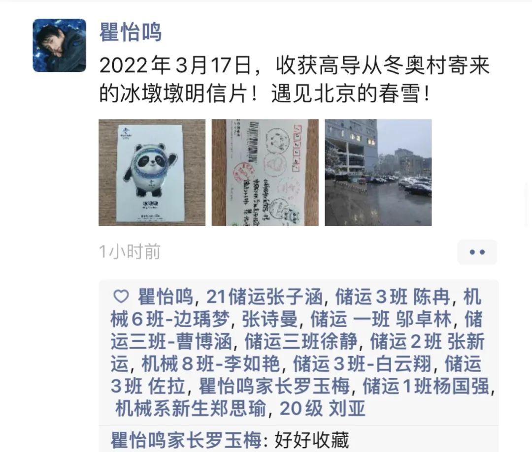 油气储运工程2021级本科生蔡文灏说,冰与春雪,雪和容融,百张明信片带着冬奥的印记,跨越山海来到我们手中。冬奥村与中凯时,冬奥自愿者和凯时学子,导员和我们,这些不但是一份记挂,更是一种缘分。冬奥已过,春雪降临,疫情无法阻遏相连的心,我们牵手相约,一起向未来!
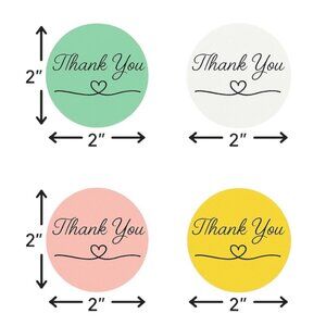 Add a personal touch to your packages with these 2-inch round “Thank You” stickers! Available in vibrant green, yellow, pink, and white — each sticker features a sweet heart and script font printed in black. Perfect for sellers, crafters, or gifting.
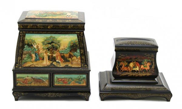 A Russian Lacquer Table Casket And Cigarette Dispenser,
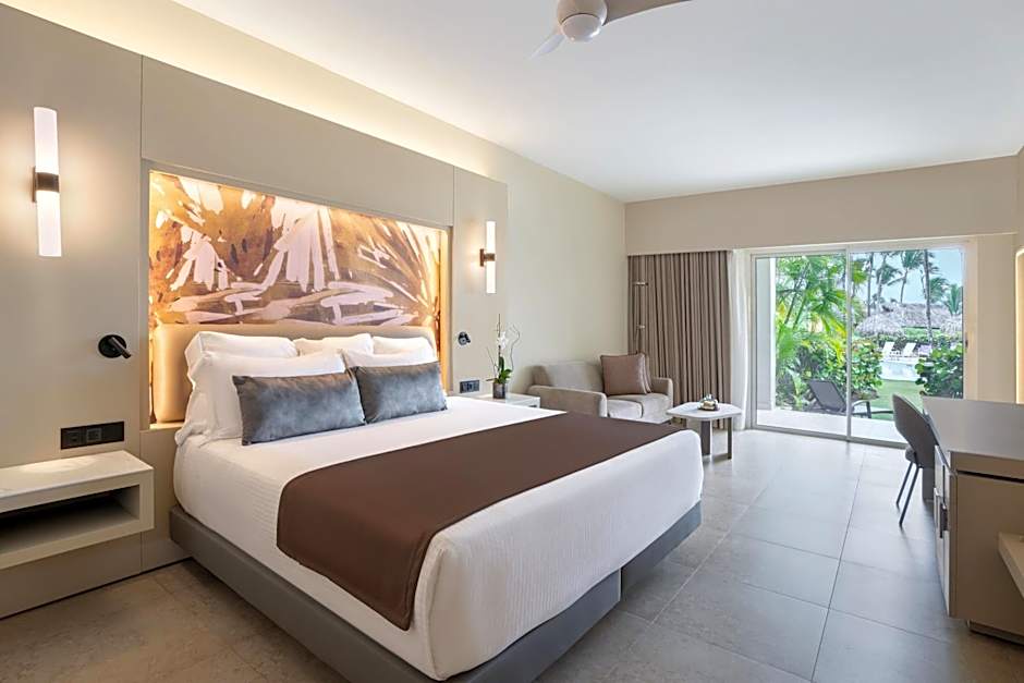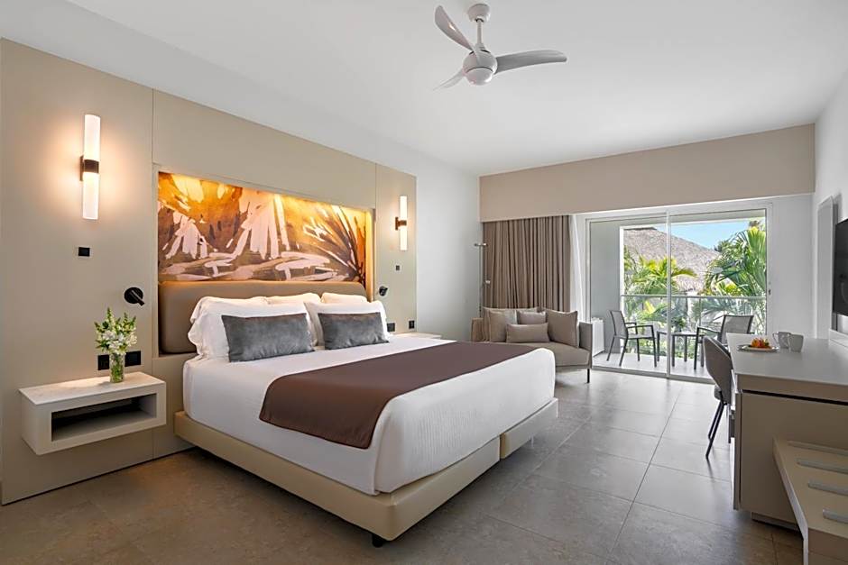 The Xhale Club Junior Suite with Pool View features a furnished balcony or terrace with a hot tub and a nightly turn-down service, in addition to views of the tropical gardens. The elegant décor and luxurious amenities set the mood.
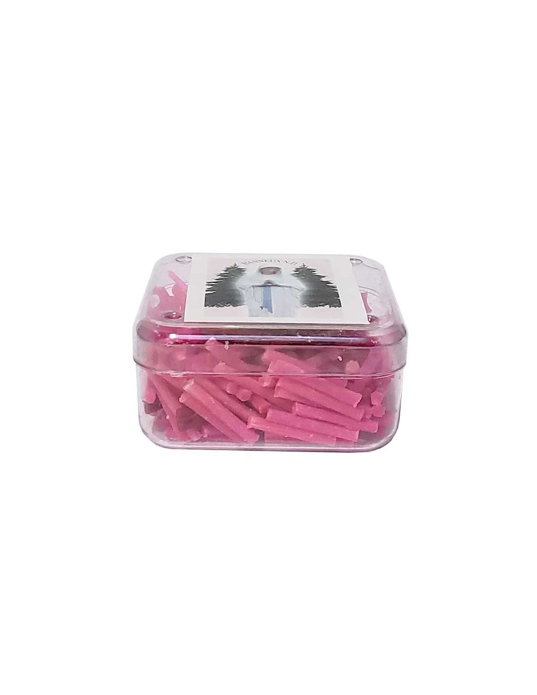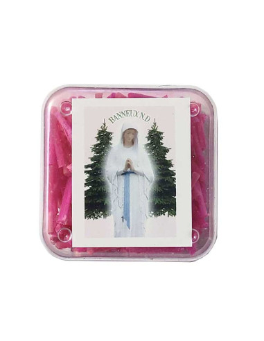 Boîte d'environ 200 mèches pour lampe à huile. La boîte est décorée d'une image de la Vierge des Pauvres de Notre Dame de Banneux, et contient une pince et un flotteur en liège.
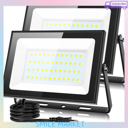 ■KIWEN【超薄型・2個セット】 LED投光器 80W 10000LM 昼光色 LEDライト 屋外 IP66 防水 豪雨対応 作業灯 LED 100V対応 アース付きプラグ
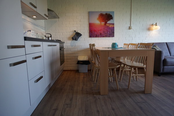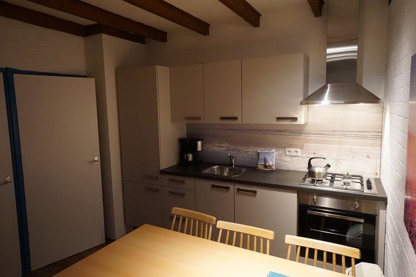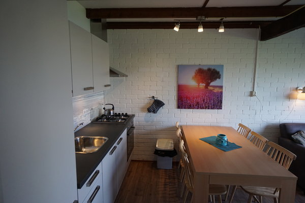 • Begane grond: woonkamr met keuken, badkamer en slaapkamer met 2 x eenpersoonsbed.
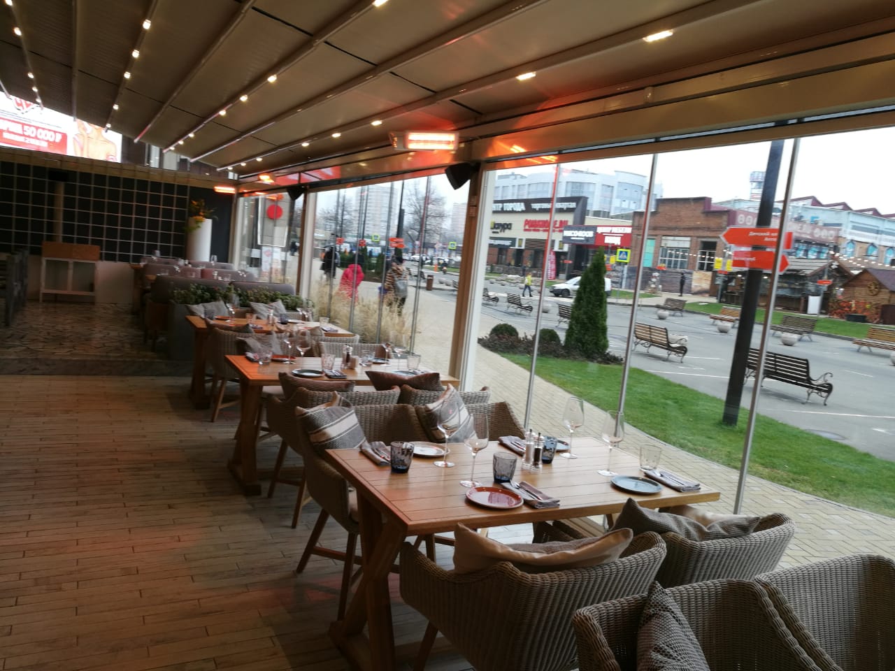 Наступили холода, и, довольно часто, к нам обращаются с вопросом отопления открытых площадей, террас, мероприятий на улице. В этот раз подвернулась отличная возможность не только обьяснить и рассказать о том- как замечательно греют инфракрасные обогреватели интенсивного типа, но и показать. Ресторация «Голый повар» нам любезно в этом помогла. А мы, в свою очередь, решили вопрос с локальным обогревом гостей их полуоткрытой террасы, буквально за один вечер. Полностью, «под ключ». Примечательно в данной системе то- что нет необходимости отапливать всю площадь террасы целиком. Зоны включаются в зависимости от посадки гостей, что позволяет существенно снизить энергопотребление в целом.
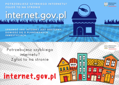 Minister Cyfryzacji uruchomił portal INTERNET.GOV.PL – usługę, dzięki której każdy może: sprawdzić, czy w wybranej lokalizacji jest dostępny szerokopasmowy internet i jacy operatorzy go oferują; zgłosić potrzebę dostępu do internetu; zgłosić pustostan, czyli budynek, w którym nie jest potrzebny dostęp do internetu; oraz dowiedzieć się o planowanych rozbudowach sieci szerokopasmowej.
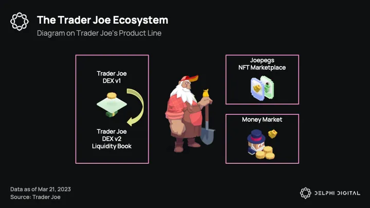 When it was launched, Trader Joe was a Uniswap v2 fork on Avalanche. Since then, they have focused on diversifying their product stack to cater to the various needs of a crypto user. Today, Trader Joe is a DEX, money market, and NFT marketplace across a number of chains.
....
Beginning at the line that has "Boîte d'environ 200" and ending at the line that has "LED 100V対応 アース付きプラグ", restate the listing above word for word, pictures left out.

> [Answer box]
 Boîte d'environ 200 mèches pour lampe à huile. La boîte est décorée d'une image de la Vierge des Pauvres de Notre Dame de Banneux, et contient une pince et un flotteur en liège.
 ■KIWEN【超薄型・2個セット】 LED投光器 80W 10000LM 昼光色 LEDライト 屋外 IP66 防水 豪雨対応 作業灯 LED 100V対応 アース付きプラグ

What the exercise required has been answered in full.